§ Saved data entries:
= Beginning of Section =

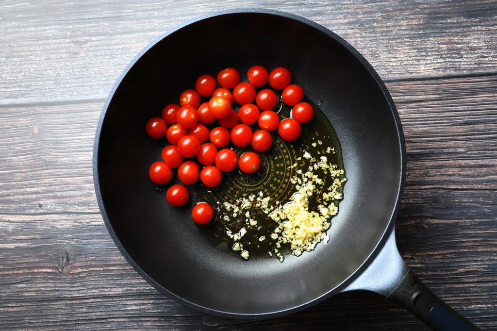 ②プチトマトはヘタを取り軽く洗ってニンニクのみじん切り、多めのオリーブオイルと一緒にフライパンに入れ弱火にかける。
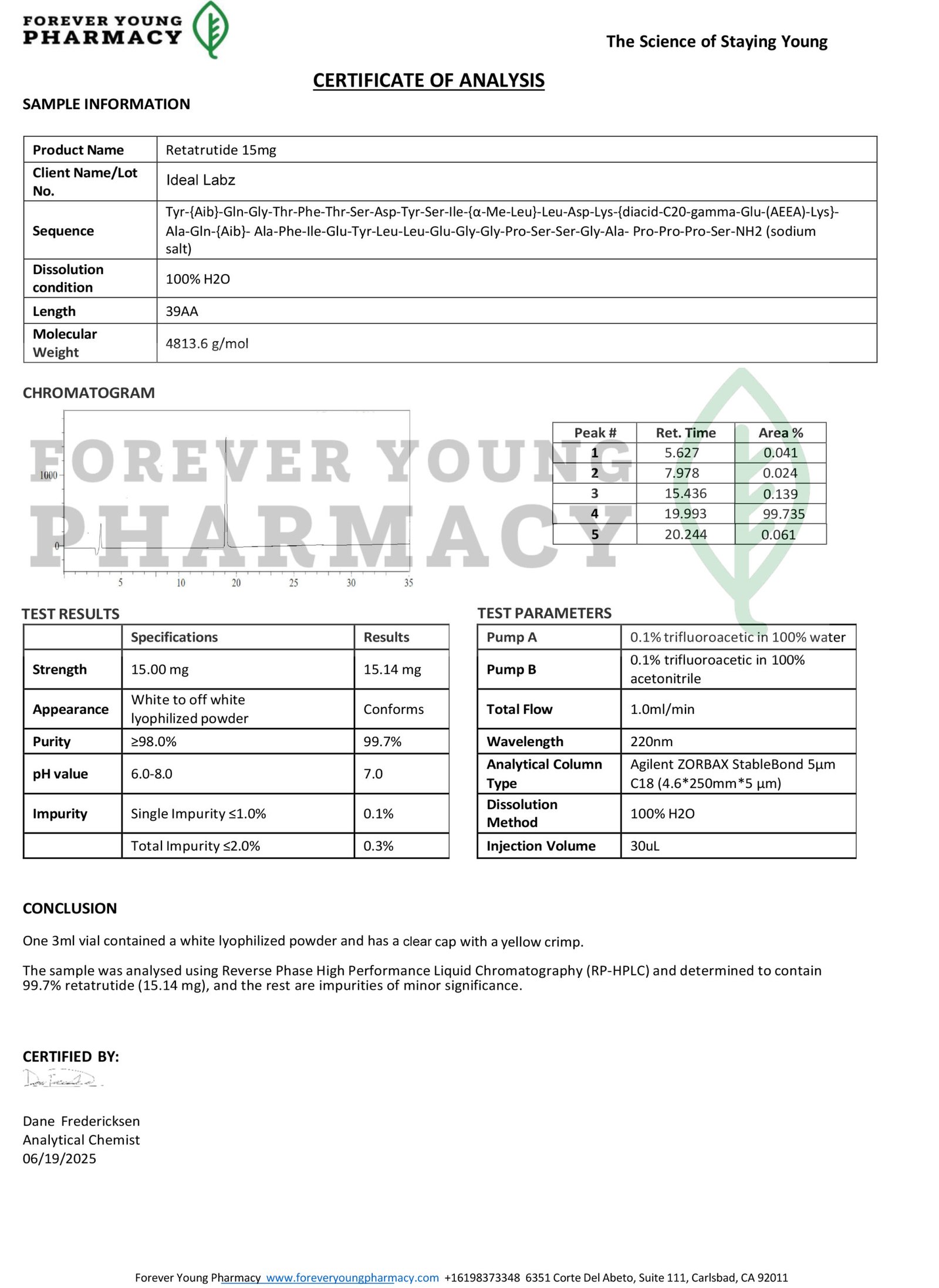 Ideal Labz offers this product exclusively for research applications in the form of a lyophilized (freeze-dried) powder. Please be aware that, in compliance with legal regulations, we are not authorized to provide dosing or reconstitution instructions.
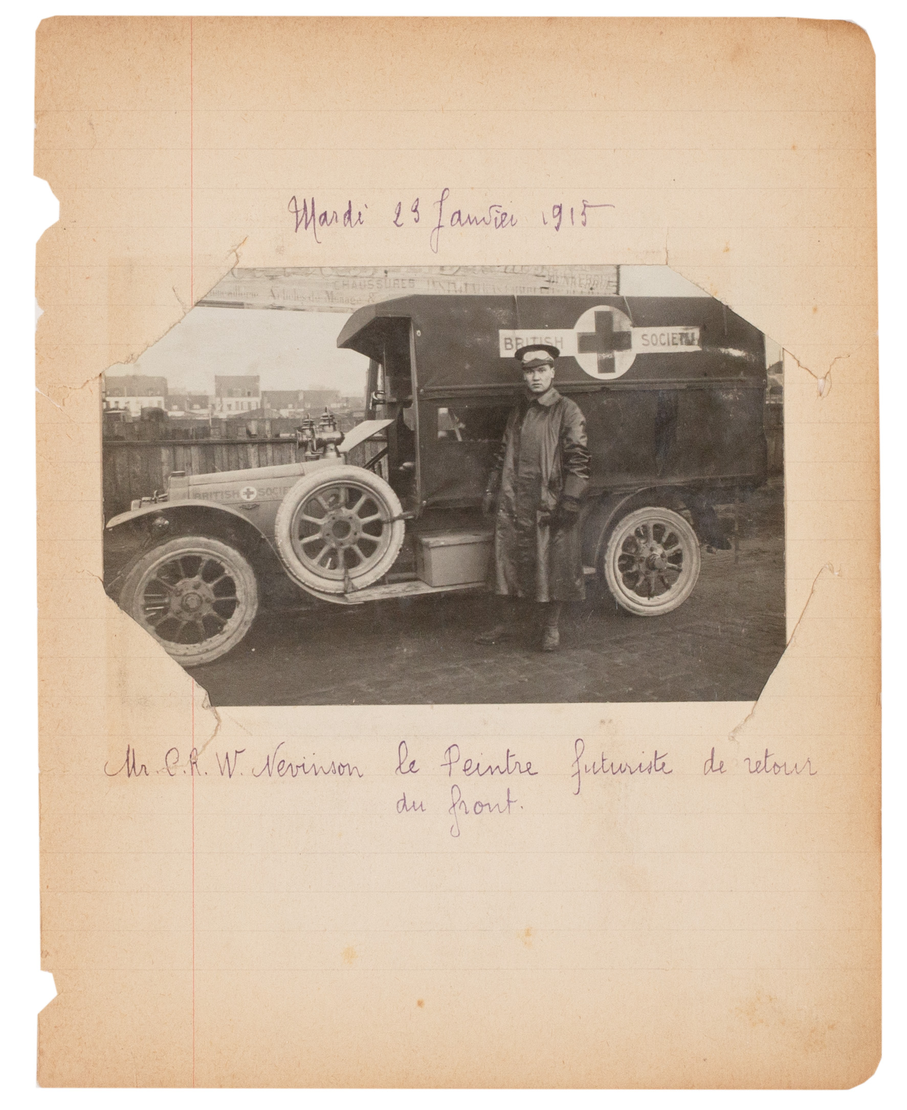 The recipient of the present drawing and photograph was Sister Simone Lengrand, a nurse at the Lady Florence Fiennes Hospital (the dearth of adequate medical facilities in the early part of the war saw the establishment of private hospitals funded by philanthropic individuals or societies), who must have known Nevinson through their work at the hospital. Nevinson commissioned this photograph, of the artist beside his 'bus', a Mors Motor ambulance, and sent another example to Marinetti, now held at the Palazzo Grassi. Although the reasons for Nevinson's departure from France are unknown - Nevinson suggests he was invalided home - he was certainly back in London very shortly after this drawing was executed and presented. Nevinson exhibited compositions inspired directly by his experiences in March 1915 before he volunteered for service with the Royal Army Medical Corps in London; he was commissioned as an official war artist in 1917.
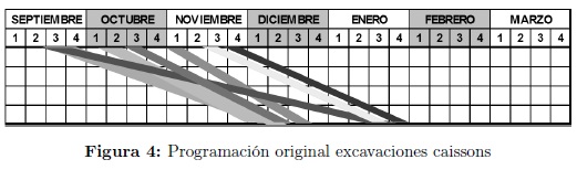 En la Figura 4 se visualiza la línea de balance realizada con base en la programación inicial para las excavaciones de caissons y en la Figura 5 se presenta la alternativa propuesta para estas excavaciones obteniendo una duración menor; esto se logró reduciendo holguras y tiempos muertos entre actividades, teniendo en cuenta la relación entre actividades y recomendaciones geotécnicas.
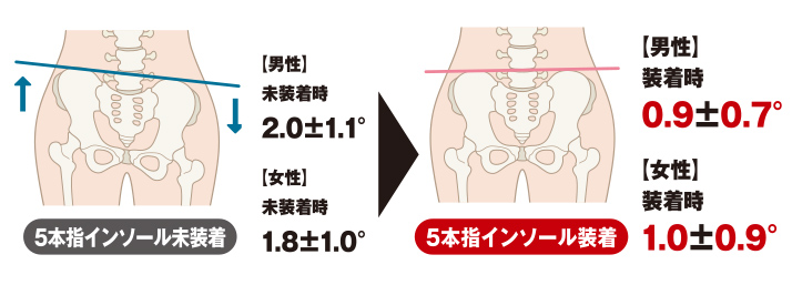 We investigated the stability of the pelvis using image analysis with and without insoles.
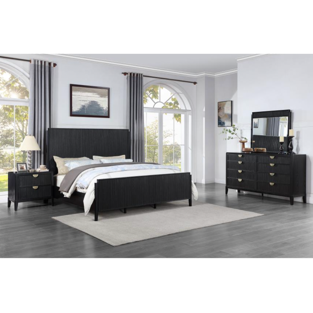 Create a sophisticated bedroom retreat with this four-piece modern bedroom set in a rich black finish. Featuring wire brushing for texture, the set includes fluted details that elevate its contemporary appeal. The bed boasts an open silhouette with a tall headboard and low footboard, offering a centerpiece for your space. A two-drawer nightstand features a felt-lined top drawer for delicate items, while the dresser and mirror provide ample storage with eight drawers, including felt lining in the top two. Golden demi-lune handles add a refined finishing touch to this stylish ensemble.
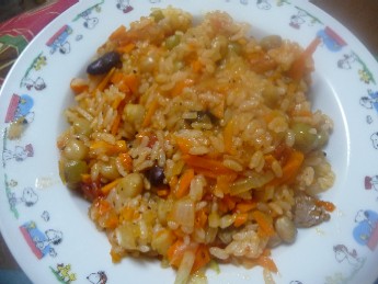 (ごはん120g、ホールトマト、玉ねぎ、にんじん、ミックスビーンズ、ケチャップ、バター)
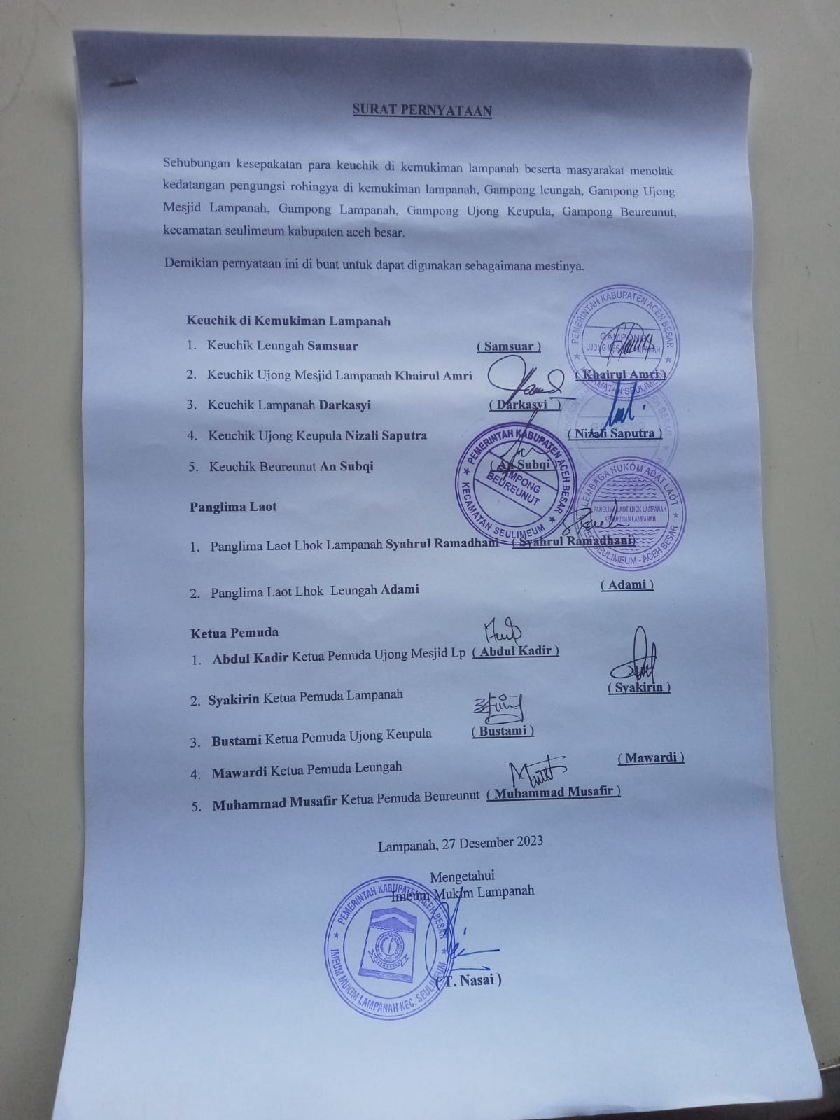 Tokoh dan masyarakat Kemukiman Lamteuba usai rapat koordinasi dan menolak wacana penempatan Etnis Rohingya ke Lampanah dan Lamteuba, Kamis (28/12/2023). FOTO/ISTIMEWA
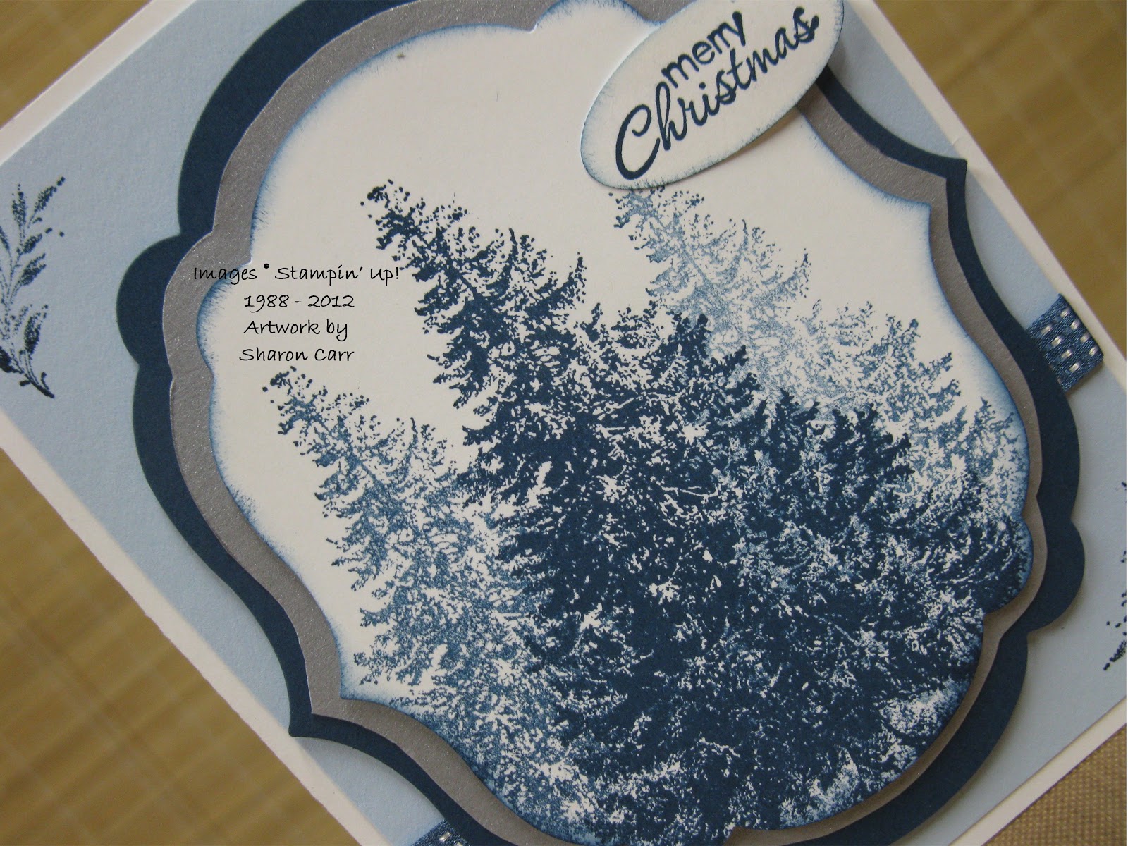 I just love this tree done with multiple stamping to give it a "foresty" look. What, there's no word like that? Oh well, you all know exactly what I mean, don't you? So that's 5 stampings from just one inking. That ink is really intense! And each one of the stamped trees are all great different blues. Love it!

= End of Section =

§ TASK DESCRIPTION: Please give an exact printout of all the records, pictures aside.

§ RESULT FOR THIS EXERCISE:
 ②プチトマトはヘタを取り軽く洗ってニンニクのみじん切り、多めのオリーブオイルと一緒にフライパンに入れ弱火にかける。
 Ideal Labz offers this product exclusively for research applications in the form of a lyophilized (freeze-dried) powder. Please be aware that, in compliance with legal regulations, we are not authorized to provide dosing or reconstitution instructions.
 The recipient of the present drawing and photograph was Sister Simone Lengrand, a nurse at the Lady Florence Fiennes Hospital (the dearth of adequate medical facilities in the early part of the war saw the establishment of private hospitals funded by philanthropic individuals or societies), who must have known Nevinson through their work at the hospital. Nevinson commissioned this photograph, of the artist beside his 'bus', a Mors Motor ambulance, and sent another example to Marinetti, now held at the Palazzo Grassi. Although the reasons for Nevinson's departure from France are unknown - Nevinson suggests he was invalided home - he was certainly back in London very shortly after this drawing was executed and presented. Nevinson exhibited compositions inspired directly by his experiences in March 1915 before he volunteered for service with the Royal Army Medical Corps in London; he was commissioned as an official war artist in 1917.
 En la Figura 4 se visualiza la línea de balance realizada con base en la programación inicial para las excavaciones de caissons y en la Figura 5 se presenta la alternativa propuesta para estas excavaciones obteniendo una duración menor; esto se logró reduciendo holguras y tiempos muertos entre actividades, teniendo en cuenta la relación entre actividades y recomendaciones geotécnicas.
 We investigated the stability of the pelvis using image analysis with and without insoles.
 Create a sophisticated bedroom retreat with this four-piece modern bedroom set in a rich black finish. Featuring wire brushing for texture, the set includes fluted details that elevate its contemporary appeal. The bed boasts an open silhouette with a tall headboard and low footboard, offering a centerpiece for your space. A two-drawer nightstand features a felt-lined top drawer for delicate items, while the dresser and mirror provide ample storage with eight drawers, including felt lining in the top two. Golden demi-lune handles add a refined finishing touch to this stylish ensemble.
 (ごはん120g、ホールトマト、玉ねぎ、にんじん、ミックスビーンズ、ケチャップ、バター)
 Tokoh dan masyarakat Kemukiman Lamteuba usai rapat koordinasi dan menolak wacana penempatan Etnis Rohingya ke Lampanah dan Lamteuba, Kamis (28/12/2023). FOTO/ISTIMEWA
 I just love this tree done with multiple stamping to give it a "foresty" look. What, there's no word like that? Oh well, you all know exactly what I mean, don't you? So that's 5 stampings from just one inking. That ink is really intense! And each one of the stamped trees are all great different blues. Love it!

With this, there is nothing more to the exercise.